=== Supplied entries ===

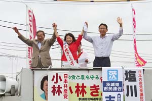 茨城県つくばみらい市で、小林きょう子選挙区候補と訴え!茨城県市民連合の市川紀行・元美浦村村長が応援演説。「安倍暴走政治とめるため、共産党と小林きょう子必勝を!」。
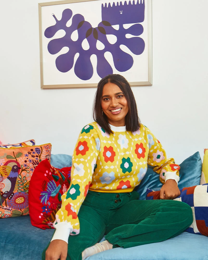 Inspired by that amazing vintage quilt you once saw. This cozy sweater has drop shoulders, balloon sleeves, and ribbed trim.
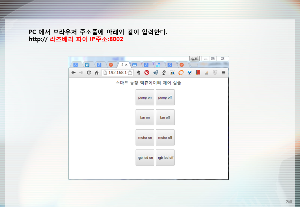 라즈베리파이 IP 주소:8002 를 입력하면 아래 그림과 같이 인텍스 파일이 만들어 준 버튼이 나타난다. 버튼을 누르면 보드의 액츄에이터가 잘 동작함을 확인할 수 있다. 이렇게 PC 브라우저에서 되면 스마트 폰에서도 마찬가지로 브라우저를 열어 제어할 수 있다. 아주 환상적인 기능 아닌가?
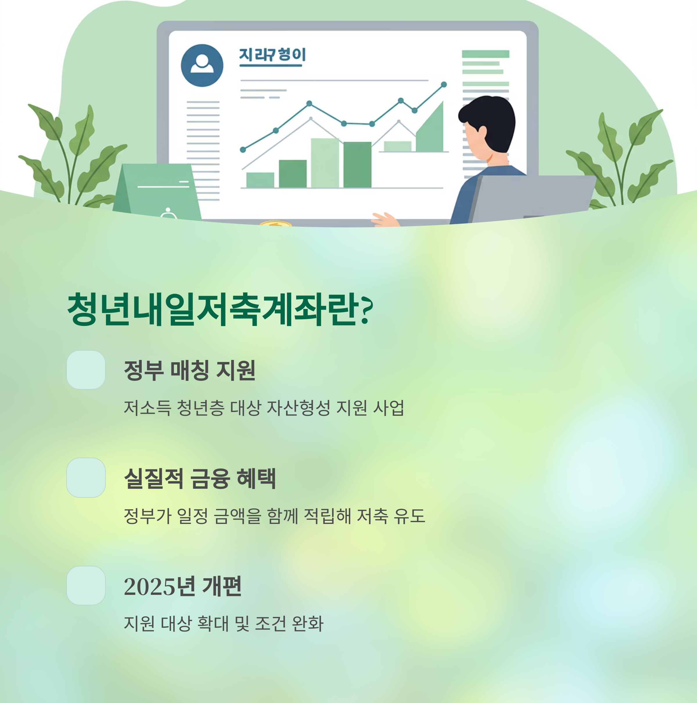 2025년 개편된 청년내일저축계좌는 근로 청년의 자산 형성을 위한 대표적인 정부 지원 사업입니다.
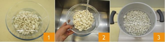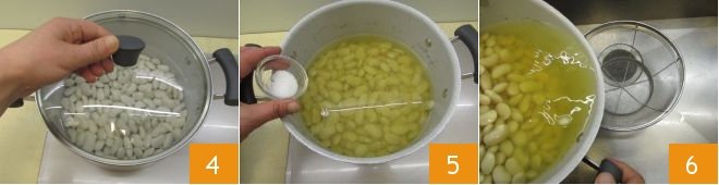 Cook the beans for 50 minutes with a lid 4, checking the cooking from time to time: the beans should be tender, but not mushy. When there are 3 or 4 minutes left until the end of cooking, add the salt 5. Once the beans are cooked, drain them well 6 and let them cool.
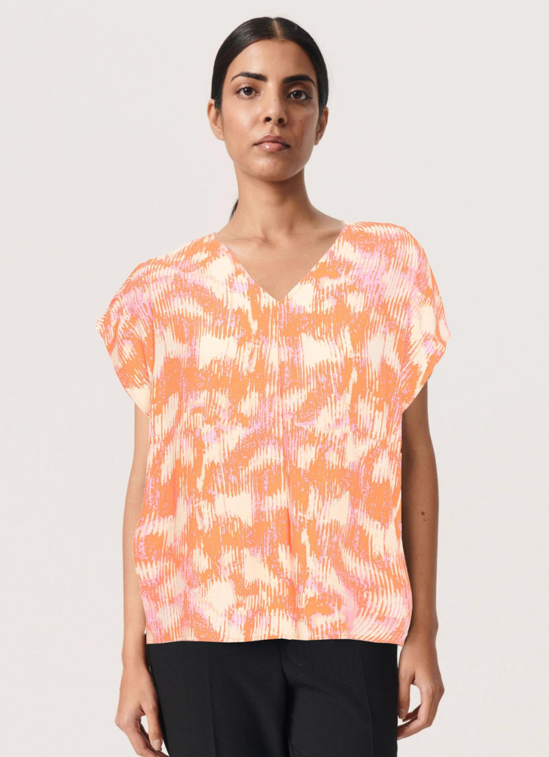 Introducing the Dusine Marija Top: a playful printed blouse that will elevate your wardrobe. With its v-neck design, this top is perfect for a casual day out or a night on the town. Add a touch of whimsy to your wardrobe with this must-have piece.

===

-- What the task requires --
The expected output is every entry above, character for character, with no pictures.

-- Solution for this task --
 茨城県つくばみらい市で、小林きょう子選挙区候補と訴え!茨城県市民連合の市川紀行・元美浦村村長が応援演説。「安倍暴走政治とめるため、共産党と小林きょう子必勝を!」。
 Inspired by that amazing vintage quilt you once saw. This cozy sweater has drop shoulders, balloon sleeves, and ribbed trim.
 라즈베리파이 IP 주소:8002 를 입력하면 아래 그림과 같이 인텍스 파일이 만들어 준 버튼이 나타난다. 버튼을 누르면 보드의 액츄에이터가 잘 동작함을 확인할 수 있다. 이렇게 PC 브라우저에서 되면 스마트 폰에서도 마찬가지로 브라우저를 열어 제어할 수 있다. 아주 환상적인 기능 아닌가?
 2025년 개편된 청년내일저축계좌는 근로 청년의 자산 형성을 위한 대표적인 정부 지원 사업입니다.
 Cook the beans for 50 minutes with a lid 4, checking the cooking from time to time: the beans should be tender, but not mushy. When there are 3 or 4 minutes left until the end of cooking, add the salt 5. Once the beans are cooked, drain them well 6 and let them cool.
 Introducing the Dusine Marija Top: a playful printed blouse that will elevate your wardrobe. With its v-neck design, this top is perfect for a casual day out or a night on the town. Add a touch of whimsy to your wardrobe with this must-have piece.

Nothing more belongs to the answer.